**Given material**
★ ★ ★ ★

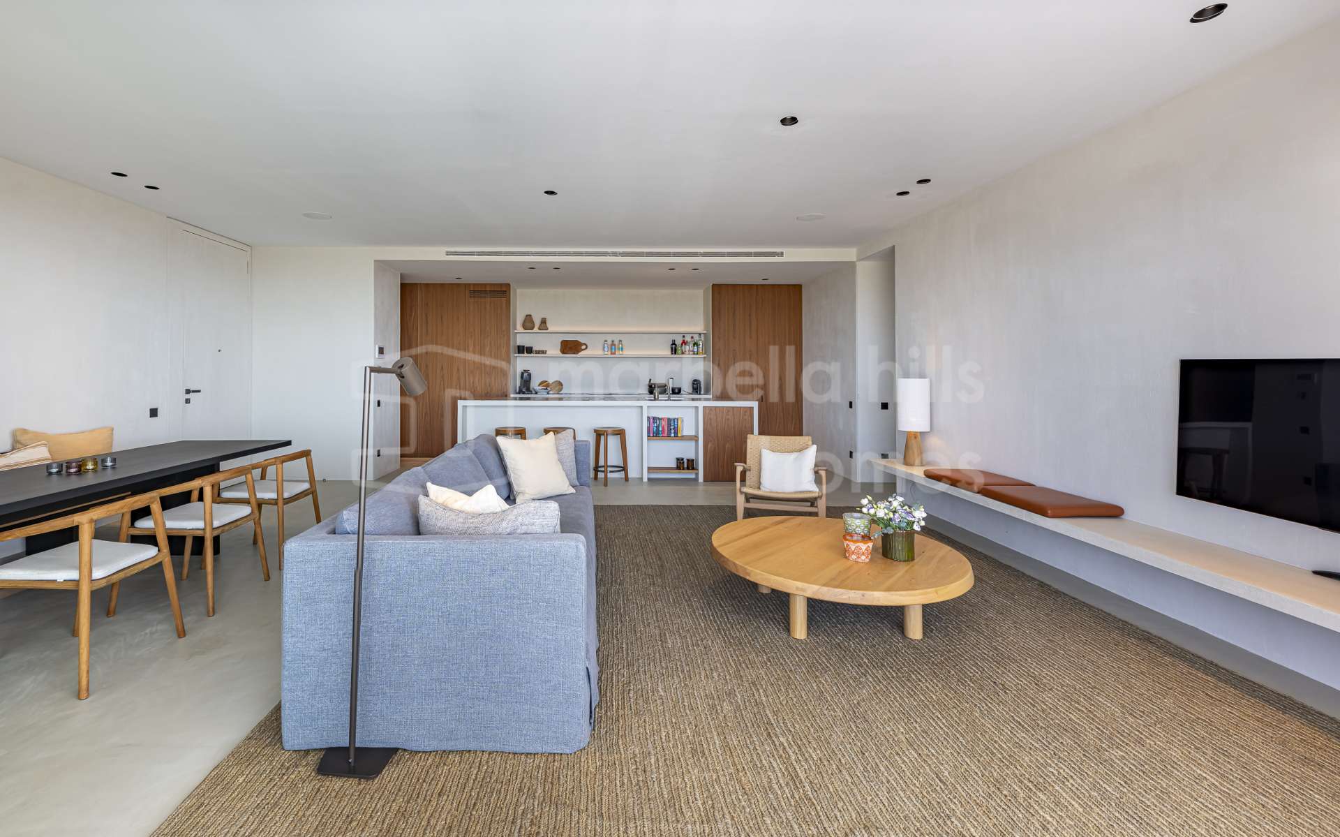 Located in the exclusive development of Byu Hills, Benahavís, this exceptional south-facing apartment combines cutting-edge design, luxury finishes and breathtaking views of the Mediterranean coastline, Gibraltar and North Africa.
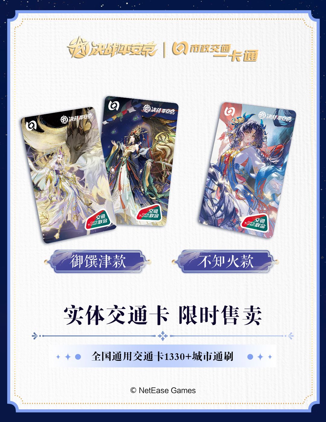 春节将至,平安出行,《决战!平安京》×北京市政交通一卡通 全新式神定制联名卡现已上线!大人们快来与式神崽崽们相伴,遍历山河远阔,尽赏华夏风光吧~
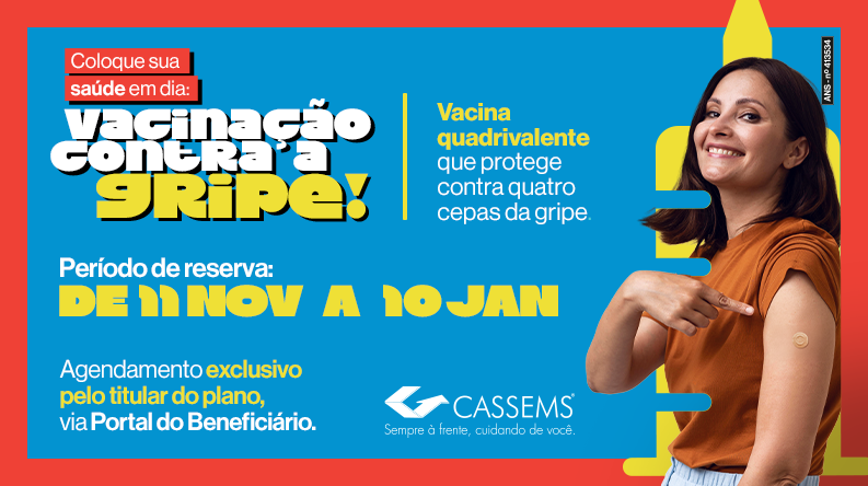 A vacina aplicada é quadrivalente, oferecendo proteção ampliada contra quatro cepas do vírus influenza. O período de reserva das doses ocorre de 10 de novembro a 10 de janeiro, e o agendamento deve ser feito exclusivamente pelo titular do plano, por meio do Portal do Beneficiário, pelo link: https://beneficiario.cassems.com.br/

★ ★ ★ ★

Restate exactly, and only, the lines from the one that holds "春节将至,平安出行,《决战!" down to the last line of the material above. Omit the pictures.

**Answer to this problem**
 春节将至,平安出行,《决战!平安京》×北京市政交通一卡通 全新式神定制联名卡现已上线!大人们快来与式神崽崽们相伴,遍历山河远阔,尽赏华夏风光吧~
 A vacina aplicada é quadrivalente, oferecendo proteção ampliada contra quatro cepas do vírus influenza. O período de reserva das doses ocorre de 10 de novembro a 10 de janeiro, e o agendamento deve ser feito exclusivamente pelo titular do plano, por meio do Portal do Beneficiário, pelo link: https://beneficiario.cassems.com.br/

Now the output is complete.